**Activity:** Transcribe exactly the lines from the first line of the records through the line containing "Молодой врач в перчатках молится", and leave out every picture.

Start of Material provided

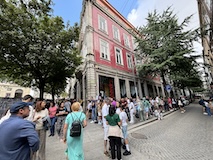 で、たどり着いてみると塔に登るのに人数制限の時間制となってた。運良く30分後のチケットが買えたので、教会を見て(めちゃ豪華)、周辺を散策。近くに世界一美しい書店として有名なレロ書店。1900年頭に作られた見た目にもファンタジーなところ、だが、めっちゃ並んでる。こちらはタイムスロット制じゃなくて並ぶ制らしく、このブロックの横まで、しかも何列か並んでて、1時間どころじゃ入れそうにない。ということでスルーして散策。このあたりはコルドアリア庭園を中心に近代的なモールや大学もあり文化的な印象。アルマス教会ほどではないが、こちらもアズレージョの壁が見事なカルモ教会などを見て、クレリゴス教会へ戻る。
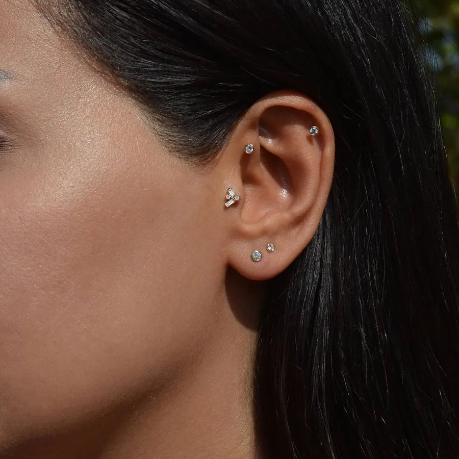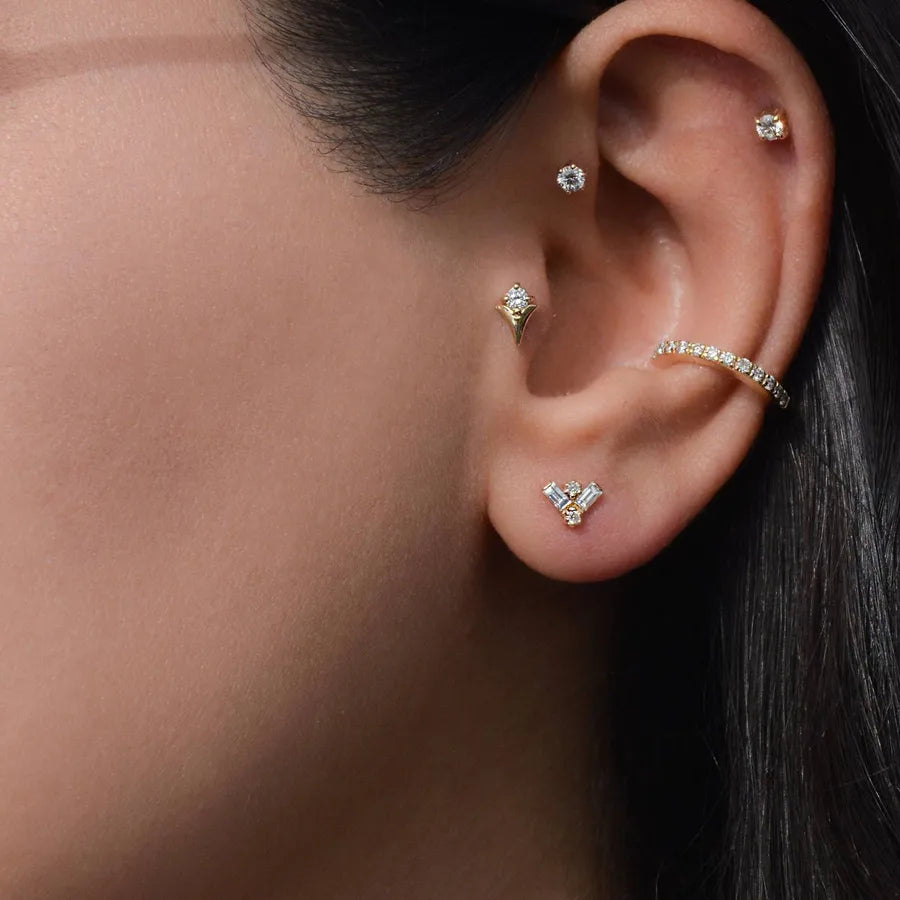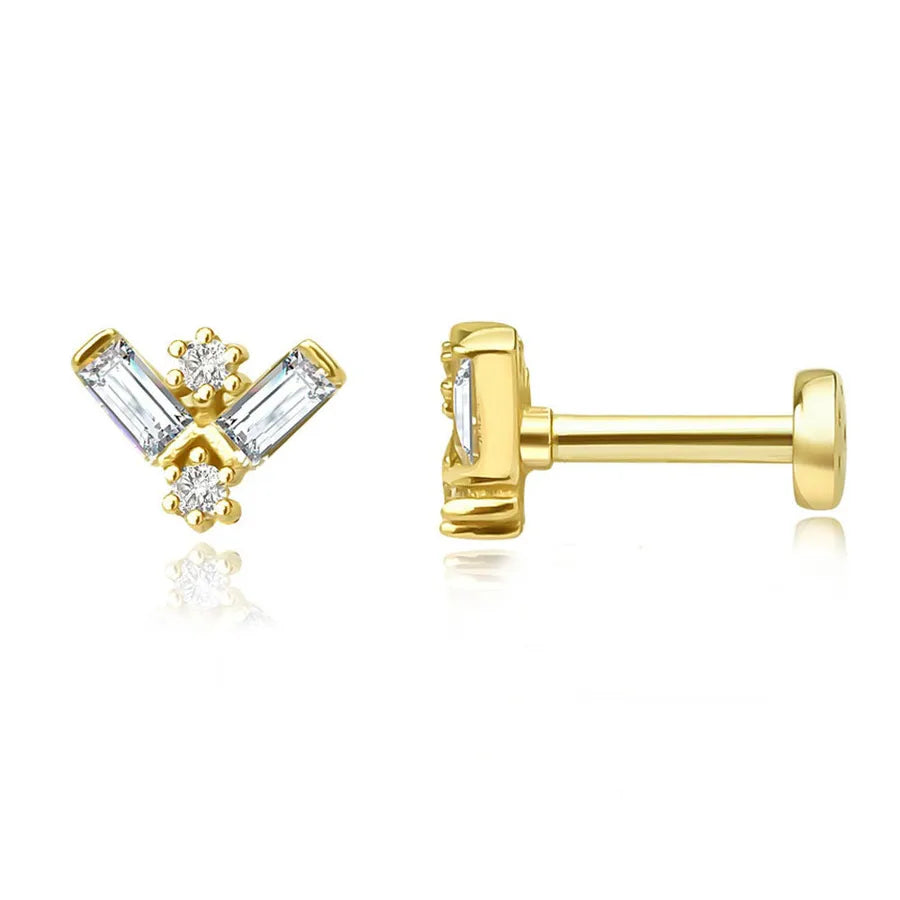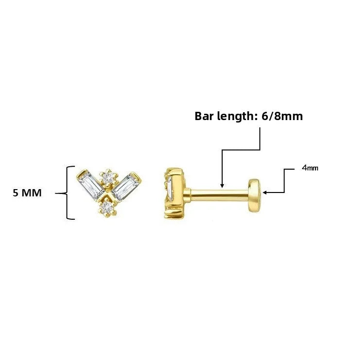 S925 Sterling Silver Geometric Paved Diamond Piercing Earrings Flat Bottom Thread Sweet Style Unisex Geometric Pattern Hoops
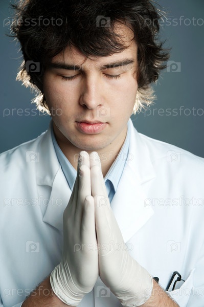 Молодой врач в перчатках молится
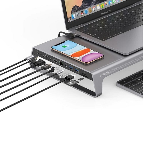 The Promate PowerDesk 11-in-1 Anti-Skid Aluminum DeskHub Stand Convert your laptop into the ultimate working station using the USB-C multi-function laptop stand. PowerDesk boasts a powerful 10W Qi wireless charging pad with 87W USB-C Power Delivery. The laptop charging stand also features VGA and 4K HDMI ports, so that you can connect a monitor, TV, or projector with ease. The RJ45 connector allows you to connect to the internet. Besides, the two USB 3.0 ports are available for data transmission. The wireless charging laptop stand has a sleek design. You can use PowerDesk with all USB-C-powered laptops. The Promate PowerDesk 11-in-1 Anti-Skid Aluminum DeskHub Stand has a 2-year Warranty.
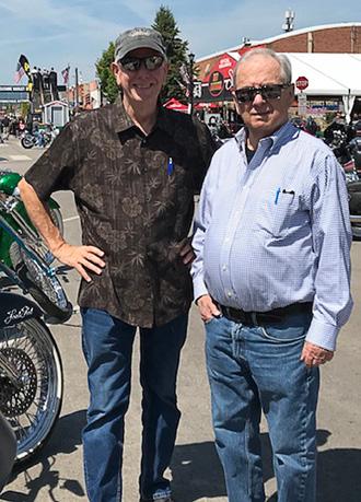 Drag Specialties Magazine publisher Don Emde with Fred at Sturgis in 2018.
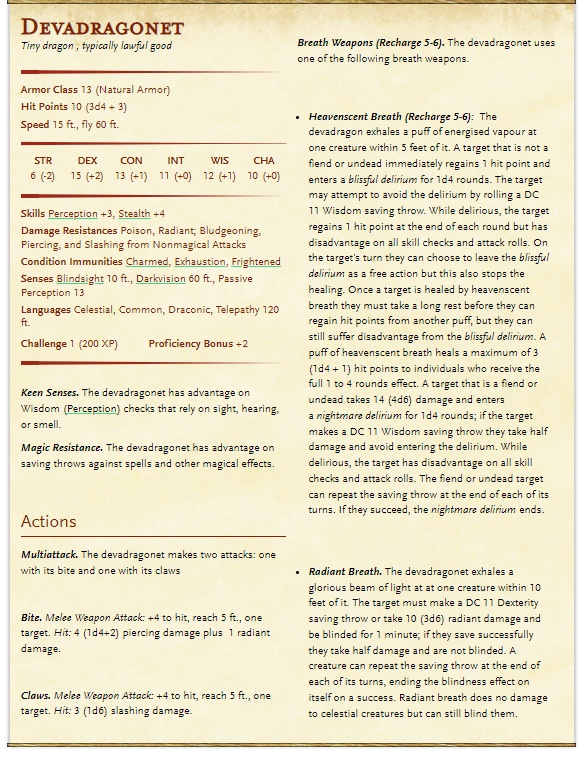Also nicknamed the "baby bahamut", the devadragonet is a minor celestial being native to the Upper Planes that occasionally ventures forth to the Material Plane, generally in the company of good-aligned wizards and warlocks with Celestial patrons. It is a stockily-built tiny dragon the size of a bobcat or badger. Its scales are silvery-white, with grey horns and claws, and sparkling white teeth.
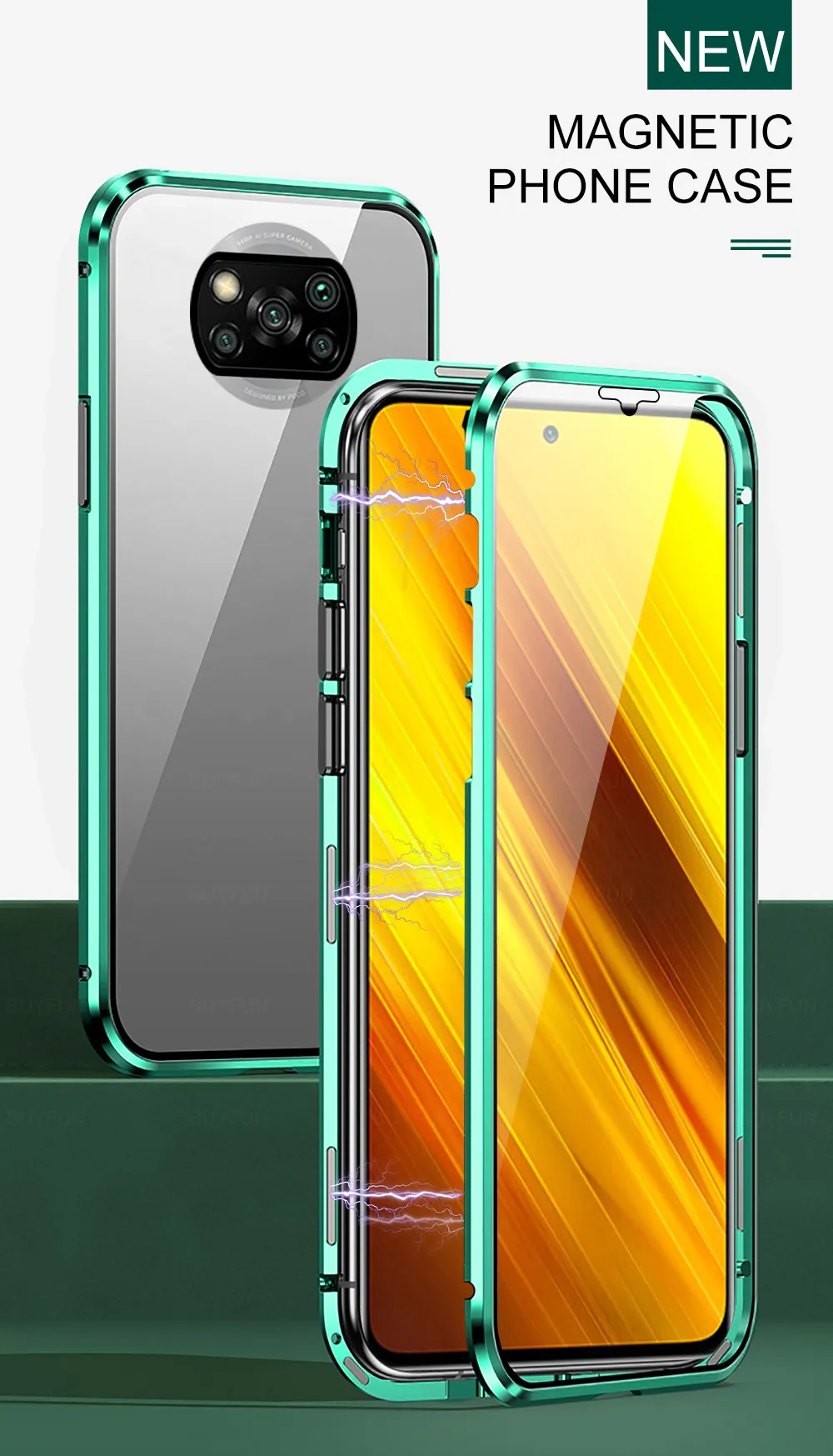 Магнитный чехол с полной защитой для Xiaomi Mi Poco M3 F3 X3 NFC, Redmi Note 10S, 9T, 10, 9S, 9, 8, 7, 9A, 9C, 8T Pro, двойное стекло, 360
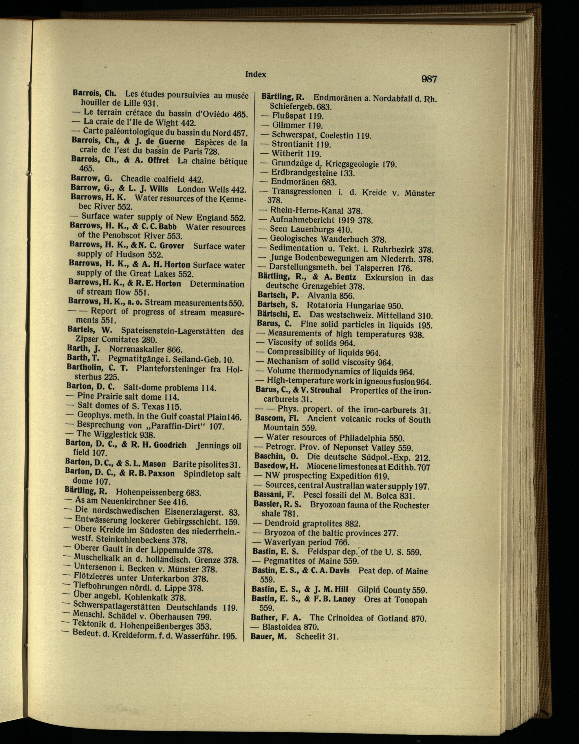Bartsch, S. Rotatoria Hungariae 950. Bärtschi, E. Das westschweiz. Mittelland 310. Barus, C. Fine solid particles in liquids 195.
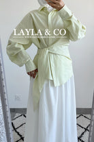 Chemise à nouer en tissu coton et tencel. Détails de plis aux manches légèrement bouffant.
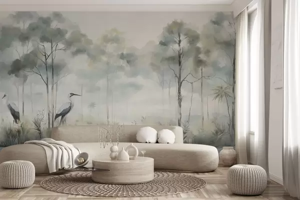 Fotomurales Bosque brumoso junto al agua con garzas, paleta de colores suaves y fríos. Nr. w04788
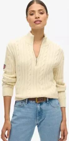 Superdry Damen Rugby-strickpullover mit Halblangem Reißverschluss Creme - Größe: 36
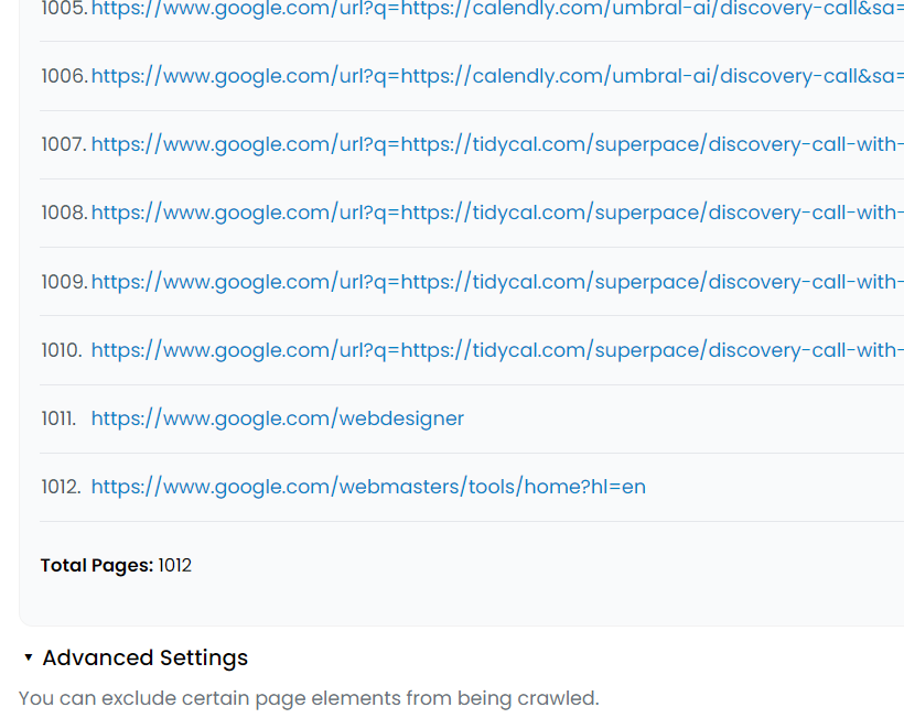 I inputed a publish google doc url and your crawlers are almost ingesting the entirety of google. See image with 1000+ pages π€― when its just a single google doc page
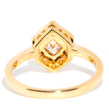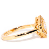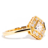 Thoughtfully crafted in 18 carat yellow gold, this endearing contemporary halo cluster ring features a delightful 0.30 carat round brilliant cut diamond encompassed by a millgrain border and a hexagonal halo of bead set round brilliant cut diamonds. We have named this wonder The Jada Ring, a symbol of love and romance, a beauty for all occasions.
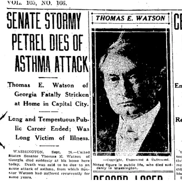 Sadly, Senator Thomas E. Watson never lived to see whether or not his efforts would pay off. In September 1922, just twelve weeks after launching a Senate investigation into Herbert Hoover and the American Relief Administration, Watson died suddenly at home in Washington.
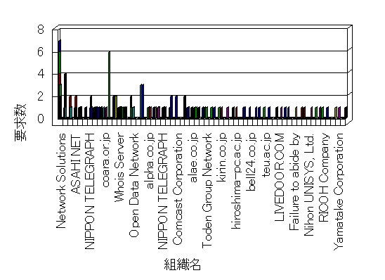 組織ユーザーにインターネット接続を提供する、商用または非営利団体、学術・行政機関などの、インターネット ドメイン で識別される団体や組織です。Microsoft Site Server Analysis は同じ組織に登録されたすべてのドメインを 1 つの組織としてグループ化します。ドメインがデータベースで使用できない場合は、1 つのインターネット ドメインが 1 つの組織を識別するのに使用されます。

End of Material provided

**Written response:**
 で、たどり着いてみると塔に登るのに人数制限の時間制となってた。運良く30分後のチケットが買えたので、教会を見て(めちゃ豪華)、周辺を散策。近くに世界一美しい書店として有名なレロ書店。1900年頭に作られた見た目にもファンタジーなところ、だが、めっちゃ並んでる。こちらはタイムスロット制じゃなくて並ぶ制らしく、このブロックの横まで、しかも何列か並んでて、1時間どころじゃ入れそうにない。ということでスルーして散策。このあたりはコルドアリア庭園を中心に近代的なモールや大学もあり文化的な印象。アルマス教会ほどではないが、こちらもアズレージョの壁が見事なカルモ教会などを見て、クレリゴス教会へ戻る。
 S925 Sterling Silver Geometric Paved Diamond Piercing Earrings Flat Bottom Thread Sweet Style Unisex Geometric Pattern Hoops
 Молодой врач в перчатках молится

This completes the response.